Malware, short for malicious software, is software that design to damage or destruct computers without owners’ permission (Schultz, Eskin, Zadok, & Stolfo, 2001). Due to the rapid development of information technology, malware has posed a serious threat to networks as well as computer systems. For instance, worm has increasingly threaten the hosts and services by exploiting the vulnerabilities of the largely homogeneous deployed software base (Sun & Chen, 2009). In addition, in the application of the online transaction, trojan horses often steal sensitive information from online users through website phishing (Abdelhamid, Ayesh, & Thabtah, 2014). Due to the enormous loss and adverse effect cause by malware, malware detection is one of the cyber security topics that are of great interests.

To protect legitimate users from the attacks, the most significant line of defense against malware is anti-malware software products, which mainly use signature-based method for detection (Griffin, Schneider, Hu, Chiueh, 2009, Kephart, Arnold, 1994). In these scanning tools, unique signatures (a set of short and unique strings) are extracted from already known malicious files. Then, an executable file is identified as a malicious code if its signature matches with the list of available signatures. Such simple approach is fast to identify known malware with small error rate. However, extracting signature is a tough work which requires a great deal of time, funds and more importantly, the expertise. This is the main disadvantage of this method. The second issue is that signature-based method is restricted to recognize already known malware, and thus it is unreliable and ineffective against the new, unseen malicious codes. In fact, simple obfuscation techniques can easily bypass such signatures-based detection. Besides, driven by the economic benefits, today’s malware samples are created at a high speed (thousands per day). For example, Symantec reported that 21.7 million new pieces of malware were created in October 2015 (Symantec, 2015); according to McAfee Labs threat report, there were more than 400 million total malware samples in the first quarter of 2015 (McAfee Labs, 2015).

In order to solve the above-mentioned problems, heuristic-based detection method, which utilizes data mining as well as machine learning techniques, is developed to conduct intelligent malware detection. This approach aims to learn special patterns that capture the characteristics of malware.
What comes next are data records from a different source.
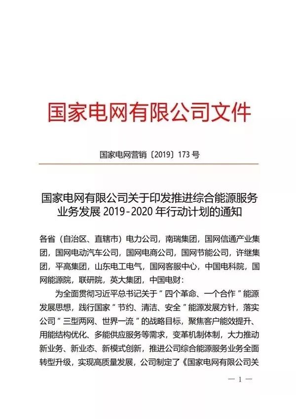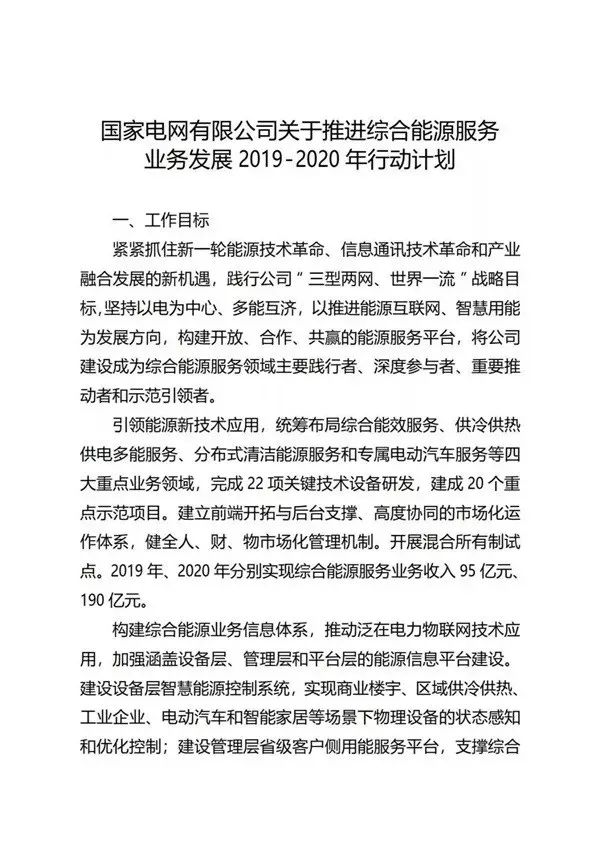 国家电网综合能源服务业务发展2019-2020行动计划发布,2020年综合能源服务业务营收要达到190亿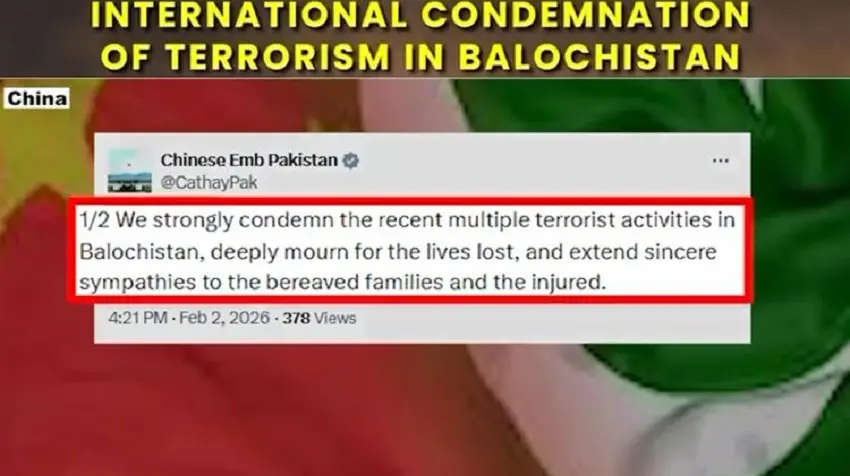 چین کی جانب سے بھی بلوچستان میں حالیہ دہشت گردانہ واقعات کی شدید مذمت کے ساتھ ساتھ قیمتی جانوں کے ضیاع پر گہرے دکھ کا اظہار اور لواحقین سے دلی ہمدردی کا اظہار کیا گیا۔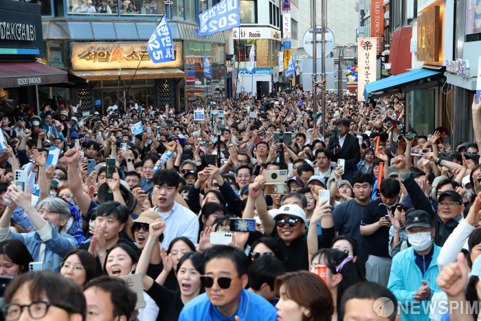 [천안=뉴스핌] 김학선 기자 = 25일 충남 천안시 신부문화거리에서 지지자들이 이재명 더불어민주당 대선후보의 연설에 환호하고 있다. 2025.05.25 yooksa@newspim.com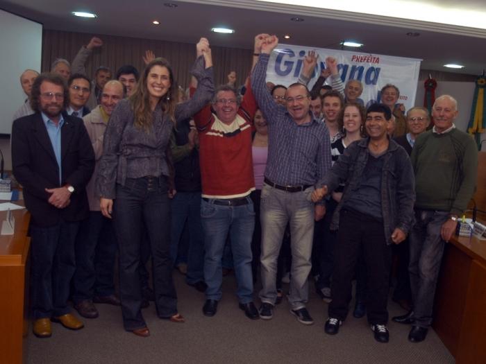 O vice de Giovana é o comerciante Pedro Soldatelli, 48 anos, suplente de vereador. Em 1992 ele foi eleito vereador pelo PDT, sendo reeleito no pleito de 1996. Em 2000, concorreu à Câmara pelo PPB. No encontro também foram apresentados os candidatos a vereador pelo PP (confira aqui a lista dos nomes).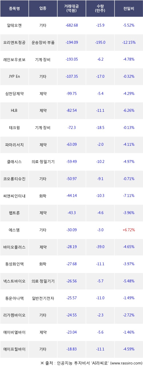 외국인 투자자의 순매도 상위 20개 종목은 알테오젠, 오리엔트정공, 레인보우로보틱스, JYP Ent., 삼천당제약, HLB, 테크윙, 파마리서치, 클래시스, 코오롱티슈진등이다.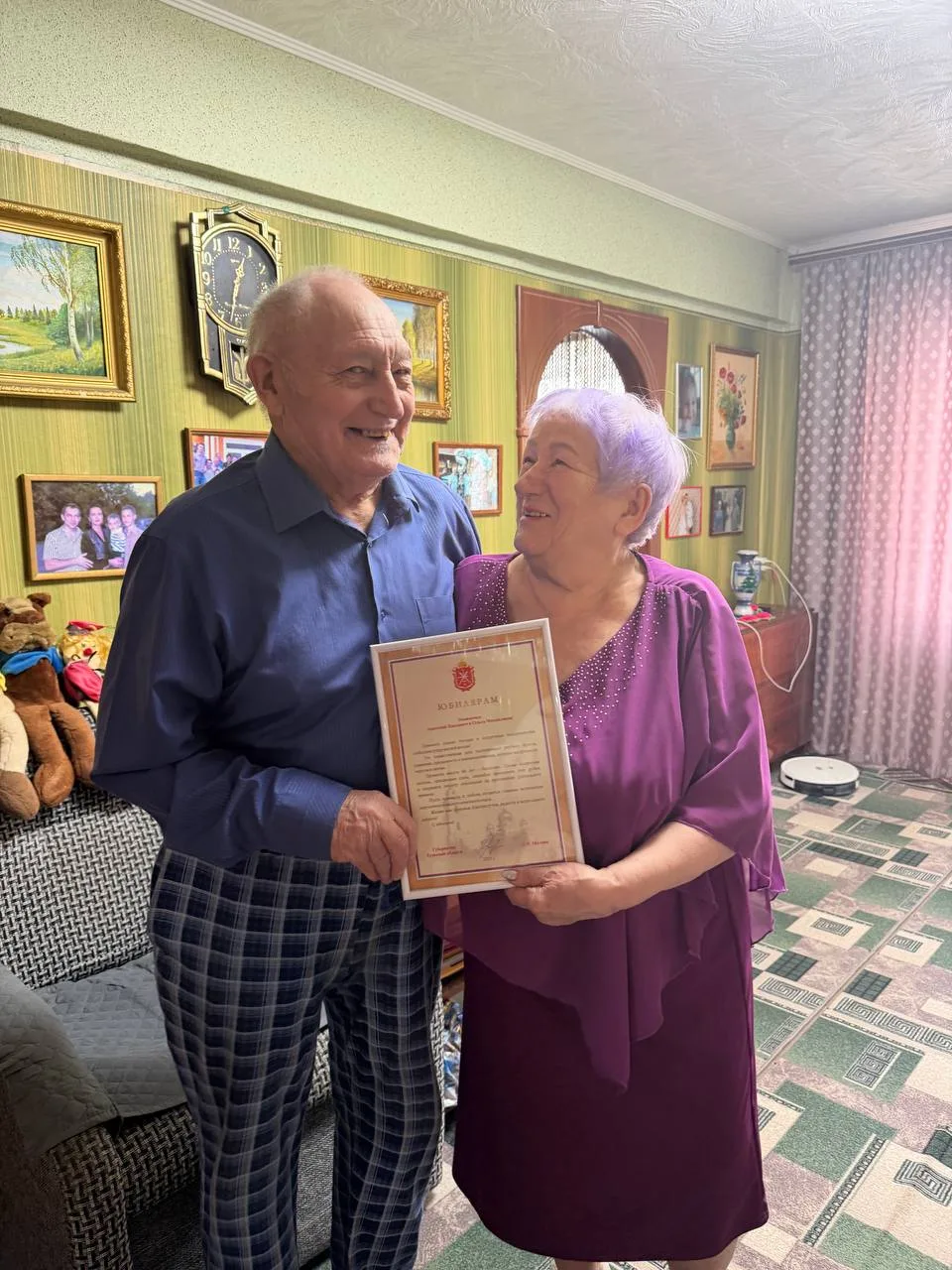 31 декабря начальник Новомосковского отдела ЗАГС Ольга Жданова поздравила Анатолия Павловича и Ольгу Михайловну Дергачёвых с юбилеем семейной жизни — 60-летием брака.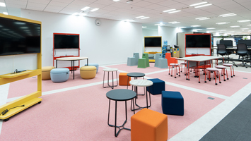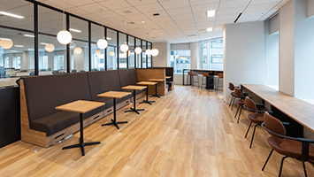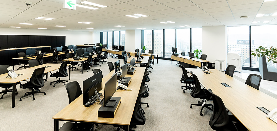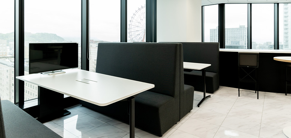 県内外へ加速する事業・店舗展開に伴い、優秀な人材の確保が急務となっていた国分ハウジンググループ。採用戦略のひとつとして、鹿児島のランドマークとなるビルの最上階角地という、アクセスと眺望に優れたオフィスへ本部を移転しました。桜島が見える景観の良いエリアに応接室を設けるなど、来社時に「ここで働きたい」と強く感じてもらえる仕掛けを随所に散りばめた遊び心のある空間を実現。また、オンライン会議用の1人用個室ブースや、窓際のオープンなファミレス席など、働き方に合わせて環境を選べるほか、終業後はバーカウンターにもなるカウンターテーブルを設置。宴会利用も可能な環境とすることで、社内交流を促進するなど、福利厚生にも寄与するオフィスとなりました。

Generally, its detection process can be divided into two phases: feature extraction and classification. In the first phase, various features are extracted from malware samples via static analysis or dynamic analysis to represent the file; based on the extracted features, classification techniques are applied to identify the malware automatically. For instance, Schultz et al. (2001) extracted three different types of features (i.e., system resource information, printable strings and byte sequences) from the files, then used as inputs for Ripper, Naive Bayes and Multi-Naive Bayes to classify malware and benign files.

Since Application Programming Interface (API) calls can well represent the actions of an executable, it is one of the most effective features used by the heuristic-based methods. Many researches have been done based on API calls, including Hofmeyr, Forrest, and Somayaji (1998), Ye, Wang, Li, Ye, and Jiang (2008) and so forth. There are some other researchers applying another meaningful feature (i.e., the machine instructions) to detect malware, such as Santos et al. (2010), Shabtai, Moskovitch, Feher, Dolev, and Elovici (2012) and Runwal, Low, and Stamp (2012). Although these works demonstrate desirable detection results, they did not take the order of the features into consideration and thus fail to mine patterns with notable difference between malicious files and benign files.

In this paper, we propose a new sequence mining algorithm to discover malicious sequential patterns based on the machine instruction sequences extracted from the Windows Portable Executable (PE) files, then use it to construct a data mining framework, called MSPMD (short for Malicious Sequential Pattern based Malware Detection), to detect new malware samples. The main contributions of this paper can be summarized as follows:

  • Well represented feature for malware detection: Instruction sequences are extracted from the PE (Portable Executable) files as the preliminary features, based on which the malicious sequential patterns are mined in the next step. The extracted instruction sequences can well indicate the potential malicious patterns at the micro level. In addition, such kind of features can be easily extracted and used to generate signatures for the traditional malware detection systems.

  • Effective malicious sequential pattern mining algorithm: We propose an effective sequential pattern mining algorithm, called MSPE (Malicious Sequential Pattern Extraction), to discover malicious sequential patterns from instruction sequence. MSPE introduces the concept of objective-oriented to learn patterns with strong abilities to distinguish malware from benign files. Moreover, we design a filtering criterion in MSPE to filter the redundant patterns in the mining process in order to reduce the costs of processing time and search space. This strategy greatly enhances the efficiency of our algorithm.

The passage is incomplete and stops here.